En medio de la energía del carnaval y el misterio de las máscaras que tanto pinté en 1997, a veces sentía la necesidad de capturar los momentos de calma, la pausa. Este «Bodegón» es uno de esos instantes. Para mí, no es una simple composición de botellas; es el eco de una mesa compartida, de risas y conversaciones que quedaron flotando en el aire. Es la Venecia íntima, la que se vive alrededor de una copa de vino del Piave o una grappa después de la cena.
Quería que la pieza tuviera la textura de una pared antigua, de un muro con historia.

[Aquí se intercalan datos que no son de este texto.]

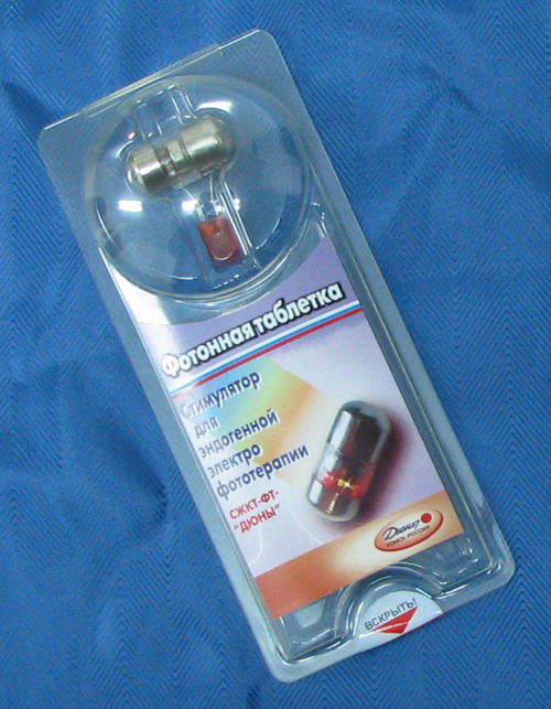 "Фотонная таблетка" - СЖКТ-4-"Дюны" представляет собой дальнейшую разработку "серебряной" ("кремлевской") таблетки. За счет расширения диапазона лечебных импульсов ( к электрическим импульсам были добавлены световые импульсы, аналогичные импульсам аппарата "Дюна-Т") расширился и диапазон недугов, на которые воздействует препарат: кроме заболеваний желудочно-кишечного тракта аппарат воздействует на иммунную систему, позволяя лечить заболевания аллергического характера, улучшает состояние больных сахарным диабетом и пр.
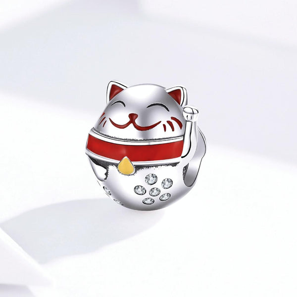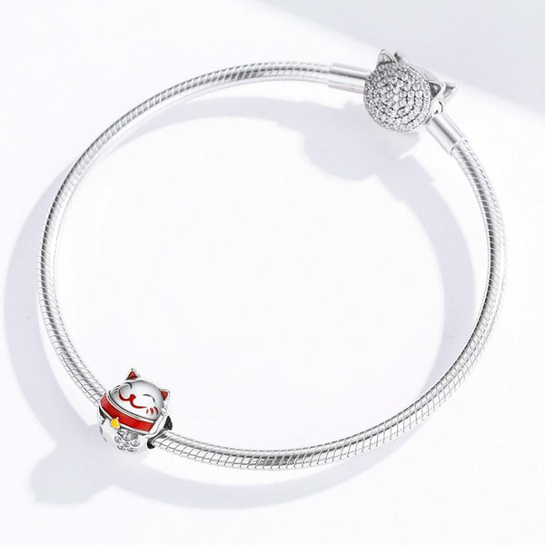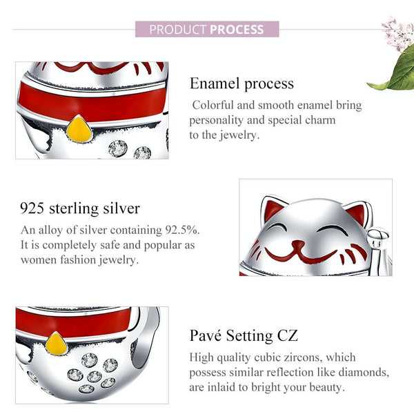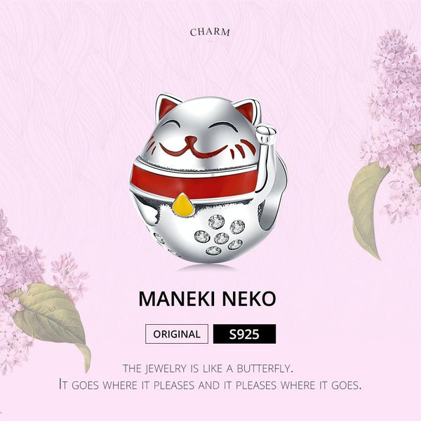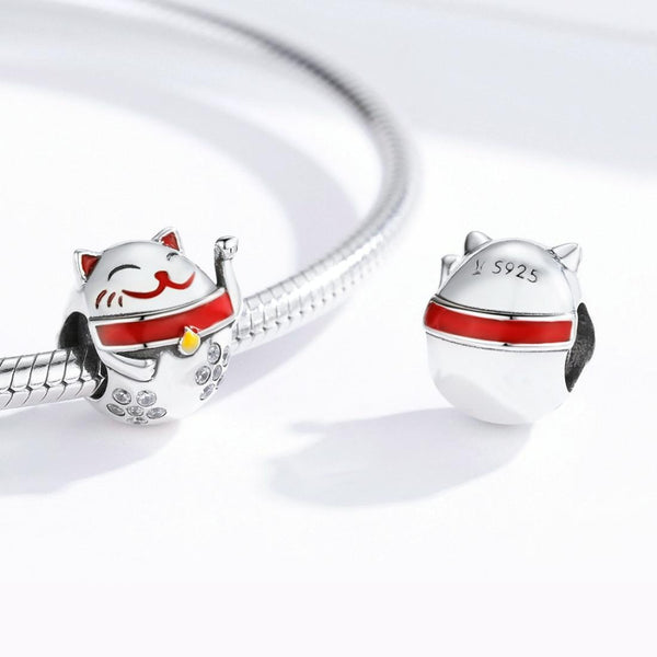 S925 Sterling Silver Fortune Cat Beads DIY Bracelet Necklace Accessories
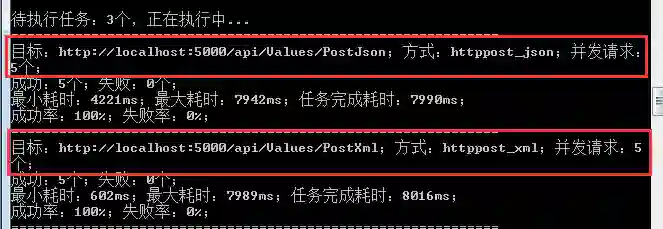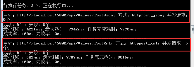 post方式传递xml参数的配置和json差不多,需要注意的是需要修改Method( "Method": "httppost_xml" ),因为工具吧xml和json的配置区分开了,下面来演示下json和xml分别配置5次请求数的效果:
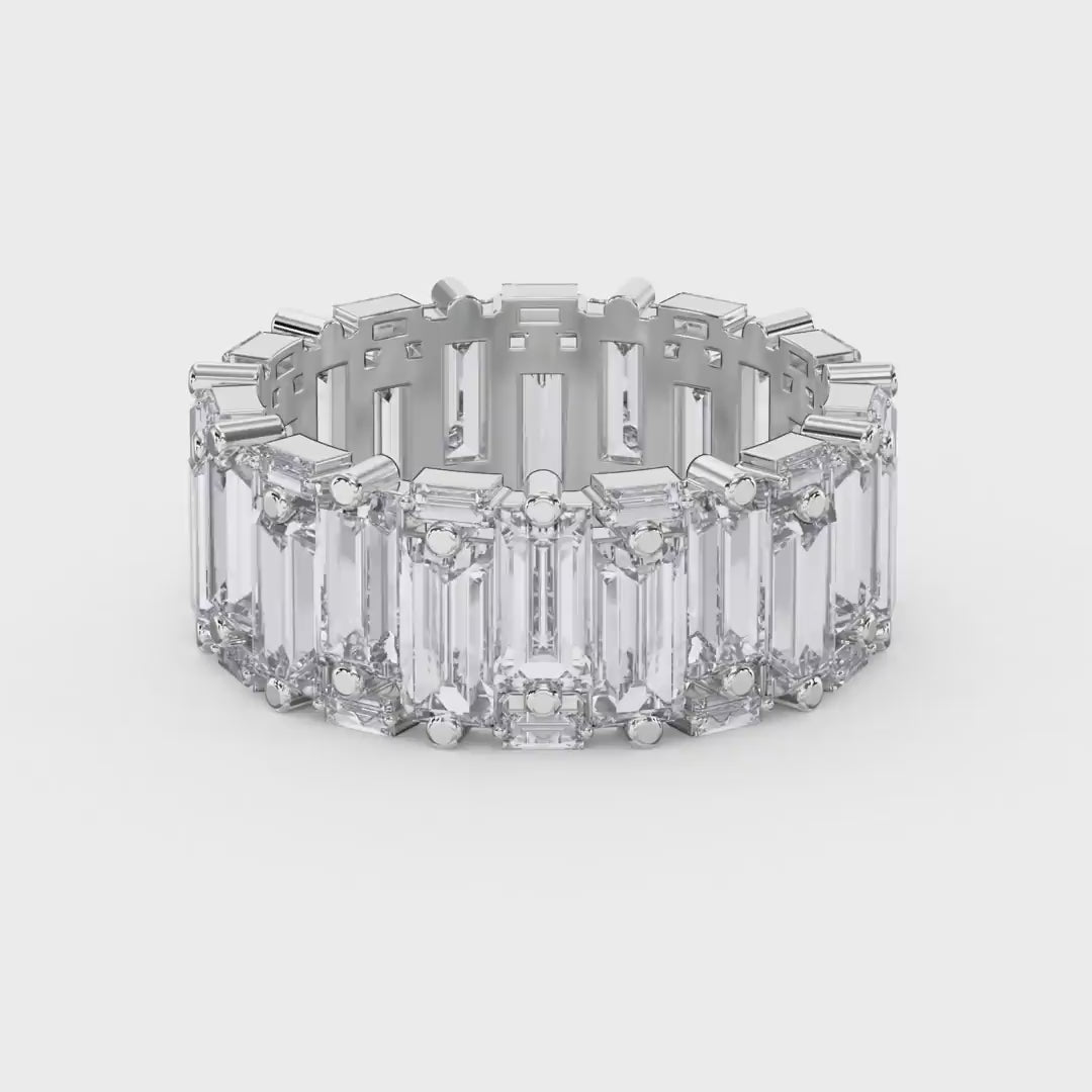 Redefine elegance with the Baguette Diamond Eternity Band, a statement-making piece designed for women who desire both luxury and sophistication. This wide eternity ring showcases a continuous row of brilliant baguette-cut diamonds, meticulously set in a seamless full-circle design that symbolizes eternal love and commitment.
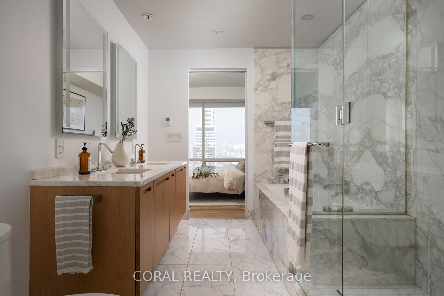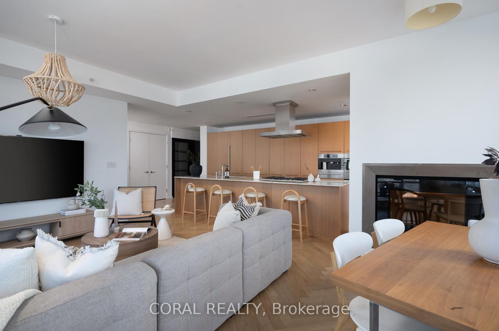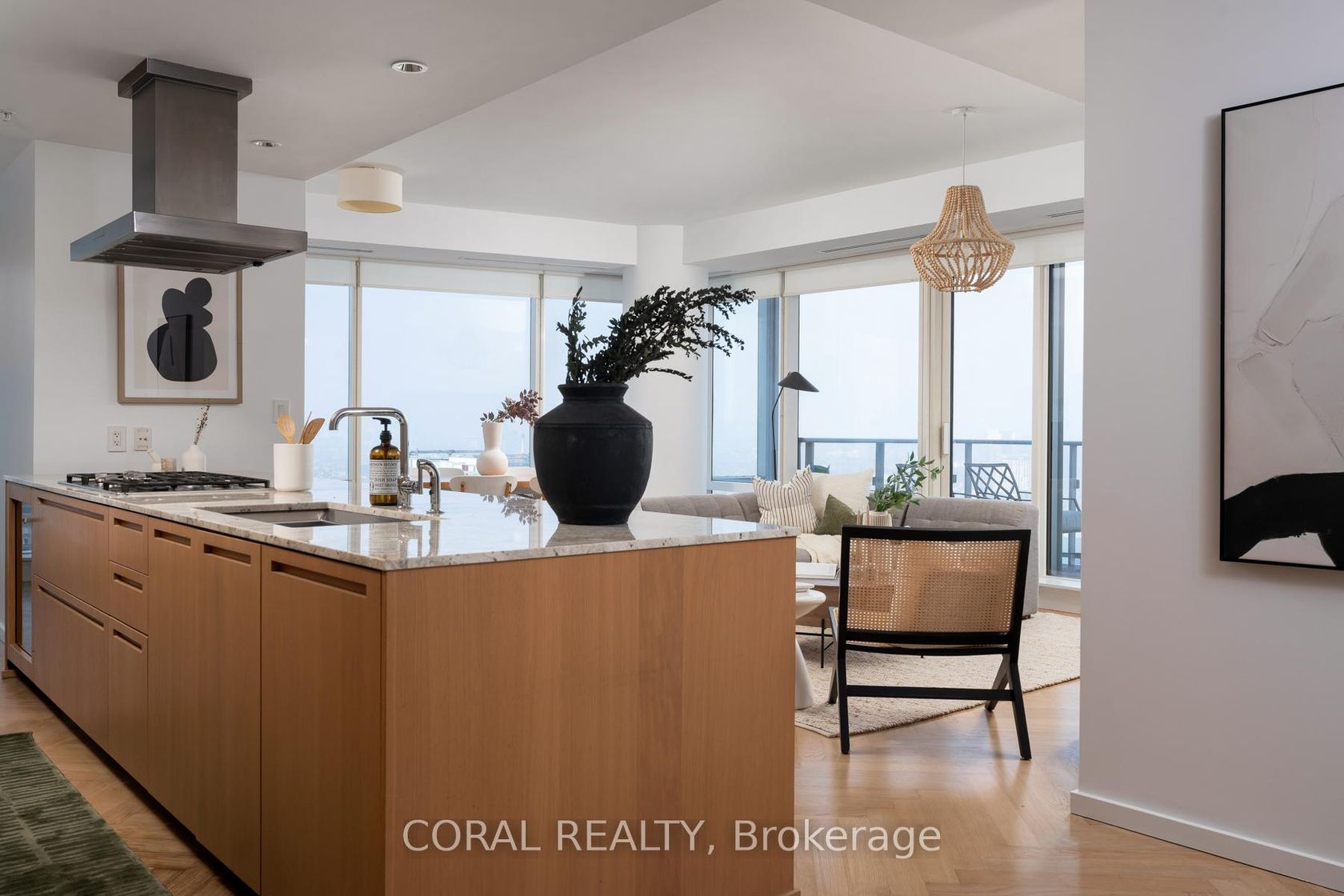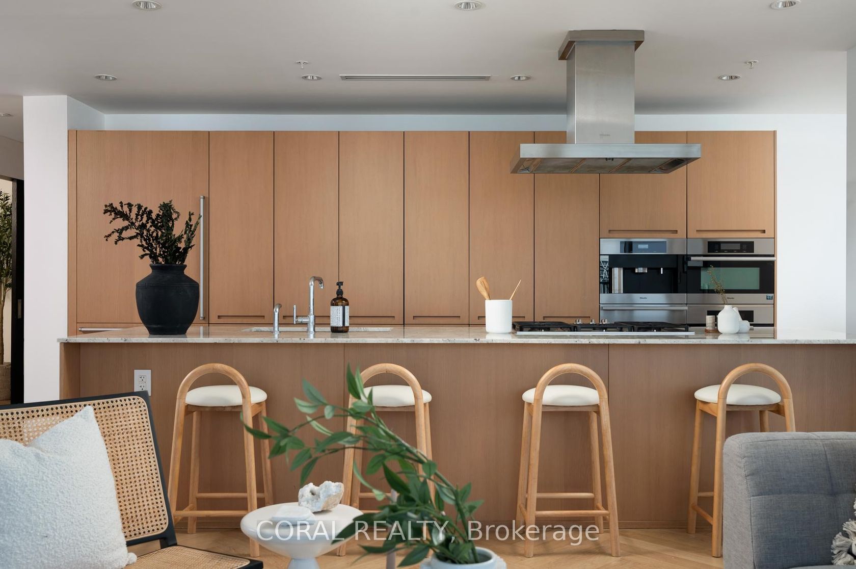 Experience elevated living in this beautifully appointed residence with sought-after NW exposure, offering abundant natural light and stunning sunset views. Freshly painted and professionally deep cleaned, this suite is truly move-in ready. Designed with refined taste, the home features elegant herringbone hardwood floors and a chef-inspired Boffi kitchen complete with an integrated Sub-Zero fridge, Miele built-in appliances, and a gas cooktop-perfect for both everyday living and entertaining. A sleek wine/beverage cooler adds an extra touch of sophistication. Unwind in luxurious Carrara marble-clad bathrooms and enjoy the convenience of custom walk-in closets in both bedrooms and hallway storage, along with a spacious walk-in closet in the primary suite. A dedicated laundry room provides added functionality and ease. Indulge in a hotel-inspired lifestyle with full-service amenities including a 24-hour concierge and doorman, spa access, and full access to the Miraj Hammam Spa (all on 5th floor). Wellness offerings include a 24-hour fitness center, yoga studio with scheduled classes, and a 20-metre indoor lap pool, hot tub, infrared sauna, and steam rooms. Enjoy in-building access to several high-end dining options, including The Lobby Lounge, Bosk Restaurant, and Mott32, along with hotel bar & lounge service and room service at your convenience.Complete with 1 parking space and 1 locker. Ace Carwash & detailing conveniently located in P1. A rare opportunity to own a sophisticated home that seamlessly blends luxury, comfort, and five-star living.

Sobre la cerámica, apliqué los esmaltes con espátula, construyendo capas gruesas de color. Luego, con un gesto caligráfico, grabé los nombres en las botellas y tracé las siluetas de las copas. No buscaba el realismo, sino la memoria del objeto, la huella que deja. El fuego del horno le dio a esos placeres efímeros —un buen vino, una buena compañía— el peso y la permanencia de la tierra cocida.
Esta obra es un homenaje a los placeres sencillos y a la camaradería. Es mi forma de decir que, incluso en los escenarios más grandiosos, la verdadera vida se encuentra en estos pequeños rituales. Es la vida quieta (still life) que da sentido a todo el movimiento, una invitación a brindar que quedó inmortalizada en el barro.